## [Exercise instructions]
Beginning with the line containing "- 주 1회 아침활동으로 체육관에서 줄넘기" and going on through the line containing "隨著列車的飛馳,張紫薇忙碌的", the lines below are to be returned exactly, pictures excluded and nothing added.

## [Input]
----------------------------------------

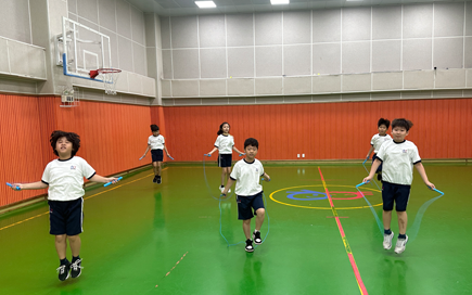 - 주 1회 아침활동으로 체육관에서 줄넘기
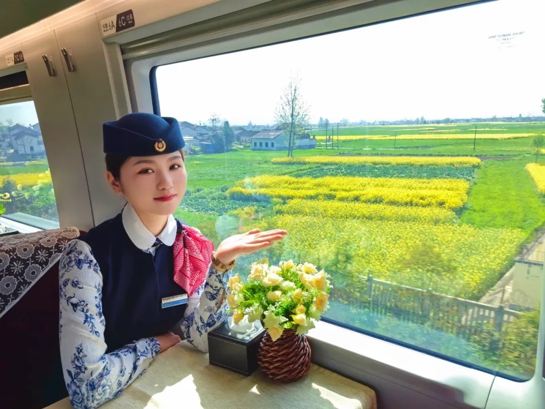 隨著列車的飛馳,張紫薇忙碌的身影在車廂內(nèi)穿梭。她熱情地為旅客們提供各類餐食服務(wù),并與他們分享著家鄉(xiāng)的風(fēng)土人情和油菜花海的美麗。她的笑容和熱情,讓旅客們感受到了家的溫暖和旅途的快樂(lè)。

----------------------------------------

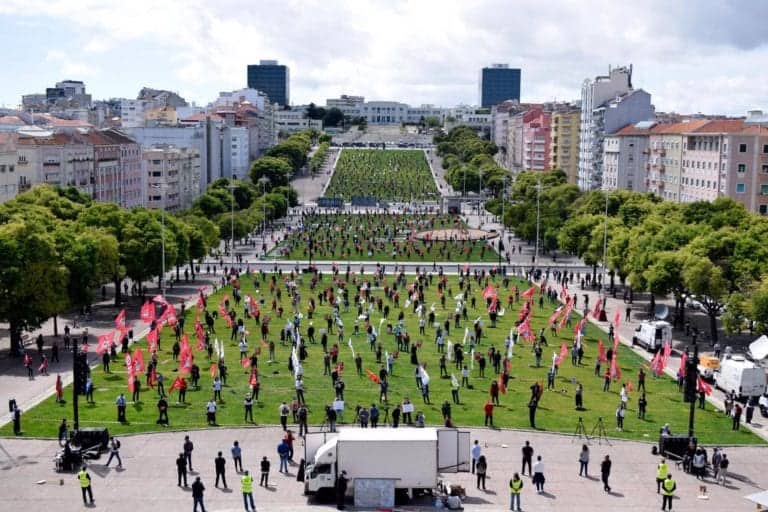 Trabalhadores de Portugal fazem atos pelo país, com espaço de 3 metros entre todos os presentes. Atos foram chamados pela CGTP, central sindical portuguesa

----------------------------------------

## [Response below]
 - 주 1회 아침활동으로 체육관에서 줄넘기
 隨著列車的飛馳,張紫薇忙碌的身影在車廂內(nèi)穿梭。她熱情地為旅客們提供各類餐食服務(wù),并與他們分享著家鄉(xiāng)的風(fēng)土人情和油菜花海的美麗。她的笑容和熱情,讓旅客們感受到了家的溫暖和旅途的快樂(lè)。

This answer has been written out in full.